# Access 2003 - Summenberechnung aus werten einer 2. Tabelle?



## ometiclan (17. Januar 2004)

Hai alle! :O)

Ich bastel mir gerade mit Access eine Kunden- und Auftragsverwaltung zusammen und bin da auf ein kleines Problem gestoßen.

Ich habe zwei Tabellen. Tabelle Nr. 1 namens "Projekte" und Tabelle Nr. 2 namens "Zeiterfassung". In "Projekte" werden alle laufenden Projekte eingetragen, in "Zeit" die für das jeweilige Projekt aufgewendete Stundenanzahl. 

Ein Eintrag in "Projekte" kann mehrere Einträge in "Zeit haben (1:n). Das funktioniert auch schon. 

Jetzt möchte ich jedoch zu jedem Eintrag in "Projekte" die Gesamtanzahl der für dieses Projekt aufgewendeten Stunden (also alle Einträge in der Tabelle "Zeit", die diesem Projekt zugeordnet sind) berechnen und in der Tabelle "Projekte" anzeigen lassen. 
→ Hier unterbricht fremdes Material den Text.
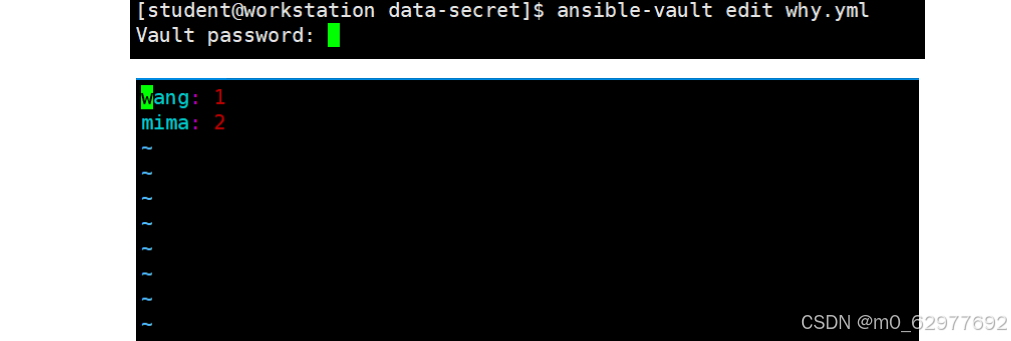 用ansible-vault edit why.yml 查看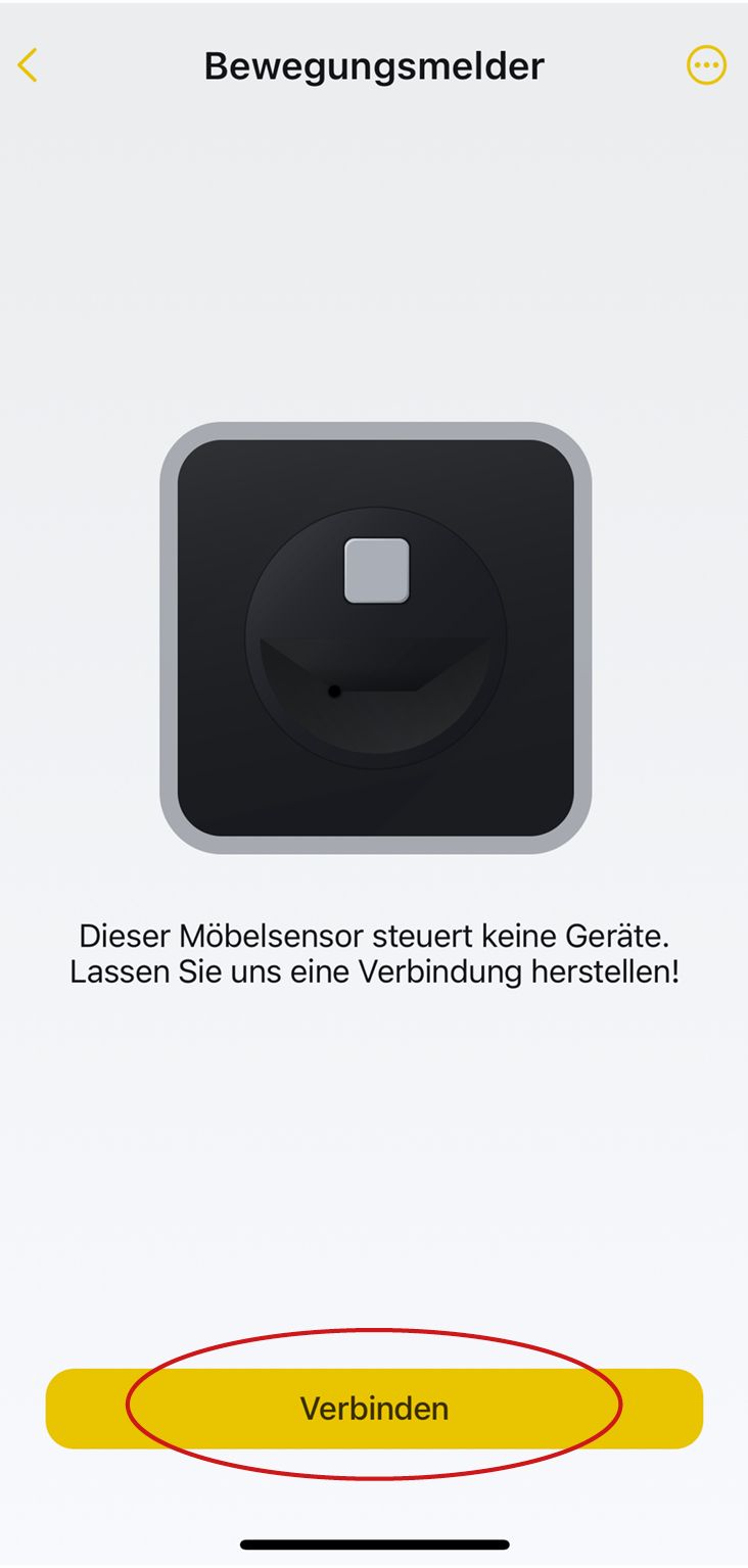 Wählen Sie den Button „Verbinden“, um den Bewegungsmelder zu konfigurieren.

Ist dies möglich und wenn ja: wie?

Die Summe bei einer Abfrage anzeigen zu lassen ist für mich kein Problem, jedoch weiß ich nicht, wie ich die Summe in einer Tabelle anzeigen kann.

Für Hinweise bin ich immer sehr dankbar )

mfG
David


----------



## Slizzzer (11. März 2005)

Hallo!
Warum willst Du das Ergebnis in einer Tabelle anzeigen lassen? Ich empfehle Dir ein verschachteltes Formular (Hauptformular->Projekte;Unterformular->Stunden). Das StundenFormular ist ein Endlosformular in dessen Formularfuß Du die Summe berechnen/anzeigen lassen kannst.
Am besten benutzt Du dieses Formular gleich zur Zeiterfassung.
Konntest Du meinen wirren Ausführungen folgen  .

Sonst mail mal Die DB, dann bastel ich dir das rein! ;-) 

Gruß
Slizzzer


----------